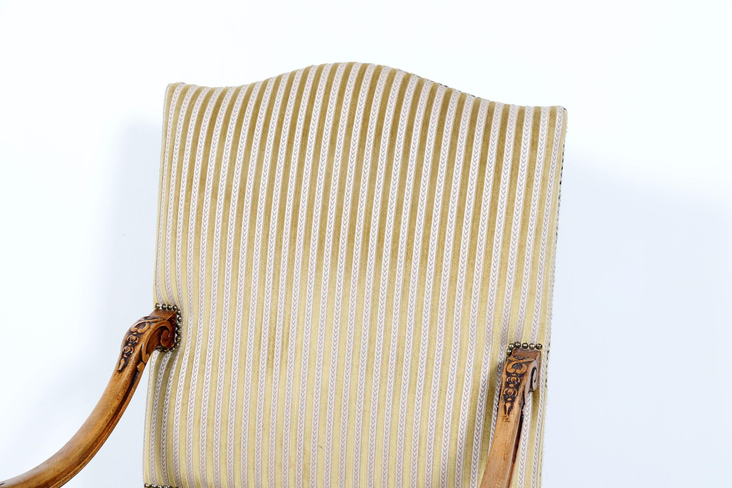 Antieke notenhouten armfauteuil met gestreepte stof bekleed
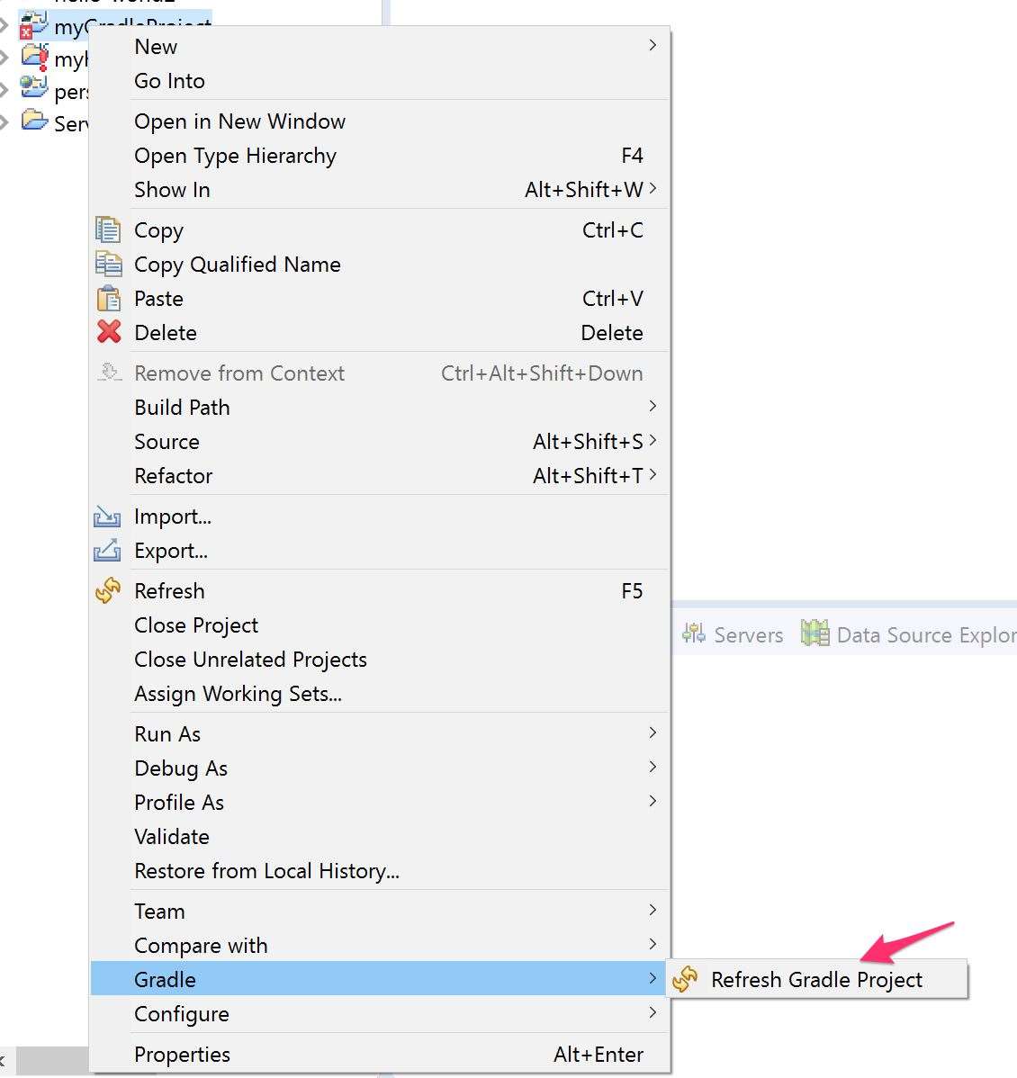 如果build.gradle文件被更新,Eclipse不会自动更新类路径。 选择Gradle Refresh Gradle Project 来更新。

==

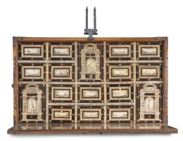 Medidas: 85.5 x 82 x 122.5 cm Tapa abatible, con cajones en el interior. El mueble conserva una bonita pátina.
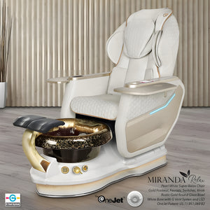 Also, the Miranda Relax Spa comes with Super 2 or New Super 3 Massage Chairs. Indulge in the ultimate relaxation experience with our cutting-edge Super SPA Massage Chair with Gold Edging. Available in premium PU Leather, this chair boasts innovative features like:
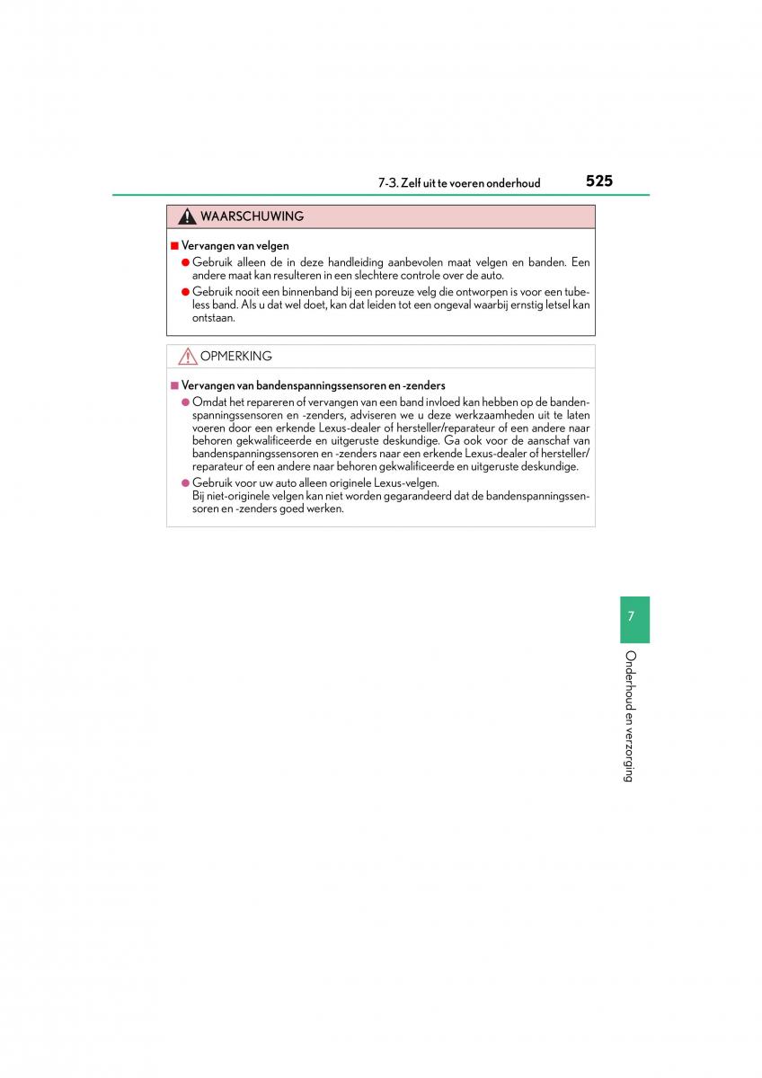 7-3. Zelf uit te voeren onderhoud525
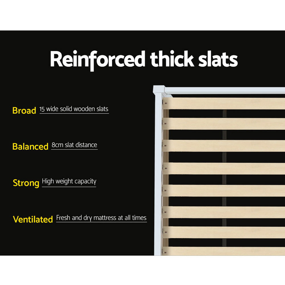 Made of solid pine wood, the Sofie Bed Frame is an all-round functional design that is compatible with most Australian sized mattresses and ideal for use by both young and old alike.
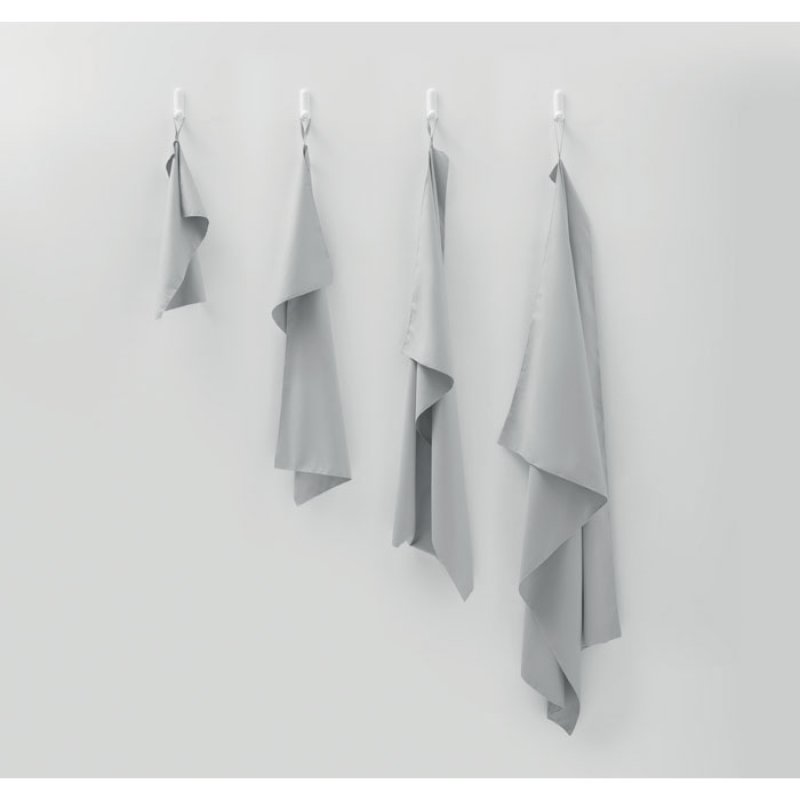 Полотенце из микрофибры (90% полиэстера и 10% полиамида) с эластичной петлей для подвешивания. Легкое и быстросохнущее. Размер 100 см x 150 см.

PROBLEM TO SOLVE:
Reproduce the listing above only between the lines holding "7-3. Zelf uit te voeren onderhoud525" and "Полотенце из микрофибры", inclusive. Every line must match exactly, and pictures are dropped.

OUTPUT:
 7-3. Zelf uit te voeren onderhoud525
 Made of solid pine wood, the Sofie Bed Frame is an all-round functional design that is compatible with most Australian sized mattresses and ideal for use by both young and old alike.
 Полотенце из микрофибры (90% полиэстера и 10% полиамида) с эластичной петлей для подвешивания. Легкое и быстросохнущее. Размер 100 см x 150 см.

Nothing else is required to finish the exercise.